System keeps reverting to US keyboard layout

On one of my machines (a laptop) the system starts up with a US keyboard layout whenever I login. My locale looks like:

LANG=en_GB.UTF-8
LC_CTYPE=en_GB.UTF-8
LC_NUMERIC=“en_GB.UTF-8”
LC_TIME=“en_GB.UTF-8”
LC_COLLATE=“en_GB.UTF-8”
LC_MONETARY=“en_GB.UTF-8”
LC_MESSAGES=“en_GB.UTF-8”
LC_PAPER=“en_GB.UTF-8”
LC_NAME=“en_GB.UTF-8”
LC_ADDRESS=“en_GB.UTF-8”
LC_TELEPHONE=“en_GB.UTF-8”
LC_MEASUREMENT=“en_GB.UTF-8”
LC_IDENTIFICATION=“en_GB.UTF-8”
LC_ALL=

If I go to System Settings -> Input Devices -> Keyboard -> Layouts, where I have added gb English(UK), and uncheck Configure layouts and then re-check it the system adopts the UK keyboard layout, but only for the current session.
I have not been able to find where the global settings are kept (most postings on the internet refer to /etc/default/locale which openSuSE doesn’t use).
I’d be grateful if someone could tell me how I can get the UK keyboard layout to stick.

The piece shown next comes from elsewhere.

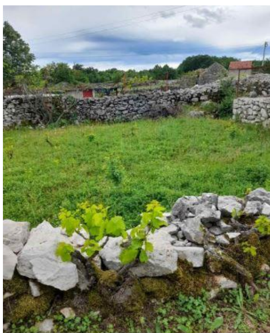
Slika 4. Suhozidovi u Hercegovini, element agrarnog krajobraza

Danas je u Dalmaciji i Hercegovini ostala poljoprivreda malih dimenzija, mješovitih domaćinstava, a proizvodnja služi za podmirenje vlastitih ili pak lokalnih potreba. Upravo ta "lokalna" obilježja bit će činilac opstanka i razvoja ovoga oblika proizvodnje. Jačanjem zadruga kao i državnim mjerama poticaja, potrebna je pomoć takvoj proizvodnji. Njena uloga je i održavanje tradicionalnog agrarni krajobraz (Slika 4) što će pridonijeti specifičnoj prepoznatljivosti područja (Defilipis, 2006).

system keyboard is in Yast keyboard. You can set for each user in the desktop settings

Yast has the system keyboard set to “English (UK)”. I don’t know where Yast is storing this, though, given that openSuSE seems not to put it where the other distros have the default locale settings.

The desktop settings don’t stick as I explained in my original post; I can only get them right for a given session.

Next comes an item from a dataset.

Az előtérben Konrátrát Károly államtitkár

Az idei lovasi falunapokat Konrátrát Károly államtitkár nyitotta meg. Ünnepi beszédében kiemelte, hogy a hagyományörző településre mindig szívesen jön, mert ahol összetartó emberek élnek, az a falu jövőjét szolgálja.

This might be related to another problem on this machine, namely that X often doesn’t start when the machine boots so that I don’t get the graphical login screen. When I then login (as a user) at the command line so that I can start X I get the error message:

-bash: warning: setlocale: LC_CTYPE: cannot change locale (en_GB.UTF-8,LANG=en_GB.UTF-8): No such file or directory

Needless to say, I don’t know what file or directory is missing.